-Re: RS, TT, shared DN and good performance on random Hbase random reads.
Harsh J 2012-08-25, 13:32
On Sat, Aug 25, 2012 at 12:56 AM, Marc Sturlese <[EMAIL PROTECTED]> wrote:
> The reasons for that would be:
> -After running full compaction, HFiles end up in the RS nodes, so would
> achieve data locality.
> -As I have replication factor 3 and just 2 Hbase nodes, I know that no map
> task would try to read in the RS nodes. The reduce tasks will write first in
> the node where they exist (which will never be a RS node).

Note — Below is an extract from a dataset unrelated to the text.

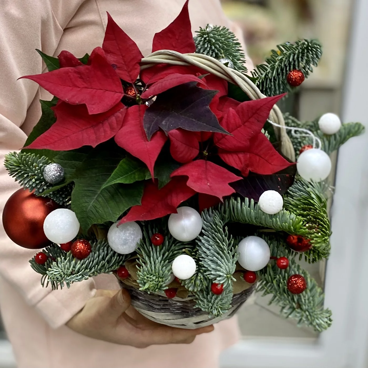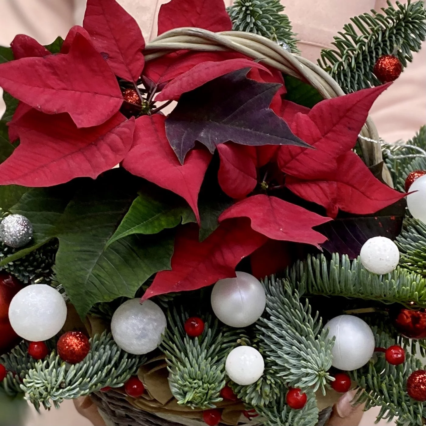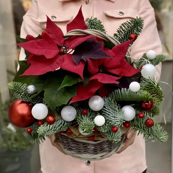 Новогодняя композиция с еловыми ветками, пуансетией и декором в корзине. Прекрасный вариант подарка к новому году если вы собираетесь в гости.

> -So, in the RS I would end up having the Hbase tables and block replicas of
> the MR jobs that will never be read (as Maps do data locality and at least a
> replica of each block will be in a MR node)
Just to keep in mind: All HBase read/write requests are made via the
RS. The RS's held blocks of HDFS data isn't directly accessed by any
client (RS is THE data server for HBase client).
> In case this would work, if I add more nodes with RS and datanode, could I
> guarantee that no map task would ever read in them? (assuming that a reduce
> task always writes first in the node where it exists, correct me if I'm
> wrong please as I'm not sure about this).
Yes, you can guarantee this to a certain extent. In case data-locality
is absent in some tasks (due to scheduling constraints), a few blocks
may be read out by the RS-node's DNs, but shouldn't be a big impact
given that a good scheduler in MR usually helps avoid having to do
Alternatively you can also consider running low-slotted TTs to use up
the RS machines but in a safer way.